Of the 4,523 adolescents taking the survey, the 2,006 students reporting past-year gambling and completing all questions targeting DSM-IV criteria for pathological gambling were included in analyses. Respondents were instructed to consider gambling “to be any game you bet on for money OR anything else of value.” Problem gambling severity groups were determined based on DSM-IV criteria,24 as assessed using items from the MAGS.22 The MAGS contain 12 items (questions 16–27) that target the 10 DSM-IV inclusionary criteria for pathological gambling.22 When more than a single MAGS item corresponded to the same criterion (e.g., tolerance), a single point was awarded for endorsing either item as done previously.25 Participants who reported past-year gambling but did not acknowledge any DSM-IV criteria were classified as low-risk gamblers (LRGers). Participants endorsing one or more DSM-IV criteria were classified as at-risk/problem gamblers (ARPGers), as in studies of adults.26, 27

Data Analysis

Data were double-entered from the paper surveys into an electronic database. Random spot-checks of completed surveys and data cleaning procedures were performed to ensure that data were accurate and within range. All statistical analyses were conducted using the SAS system (Cary, NC). Differences between the two gambling groups (i.e., internet and non-internet) were examined using Pearson chi-square. All comparisons were two-tailed. Models examined associations between the two gambling groups and health/functioning and gambling measures adjusting for age, race, gender and household structure. Logistic regression models were used to examine variables with two levels, and multinomial logistic regression models were used for those with more than two levels. These models were adjusted for socio-demographic differences in gender, race/ethnicity, grade level, and familial structure.

Results

Demographic characteristics

Of the 2,006 adolescent gamblers, 412 (20.5%) reported internet gambling (Table 1). Among internet gamblers, 57.5% were classified as ARPGers and 42.5% as LRGers, and among non-internet gamblers, 27.7% were classified as ARPGers and 72.3% as LRGers, generating a significant between-group difference (χ2 = 129.799, p <.0001).
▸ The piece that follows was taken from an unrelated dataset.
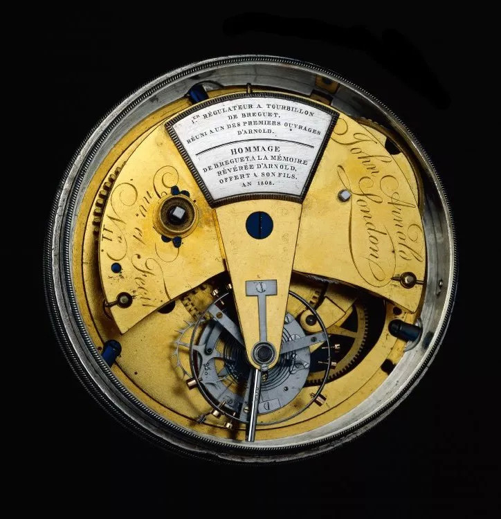 当年实验测试的陀飞轮,被宝玑大师更换到他的好友、英国制表师阿诺德赠给他的礼物上,并回送给阿诺德之子,也是他的学生。这枚怀表收藏在大英博物馆,表底上有阿诺德的签名以及宝玑陀飞轮铭牌。

Socio-demographic characteristics of internet gamblers and non-internet gamblers stratified by problem gambling severity are tabulated (Table 1).

Table 1.

Socio-demographic characteristics of the sample, by gambling type and severity

Variables Gambling Type
Internet Gambling (n=412) Non-Internet Gambling (n=1594)

Problem Gambling Severity
Problem Gambling Severity
Low-Risk Gamblers (n=175) At-Risk & Problem/Pathological Gamblers (n=237) Low-Risk Gamblers (n=1152) At-Risk & Problem/Pathological Gamblers (n=442)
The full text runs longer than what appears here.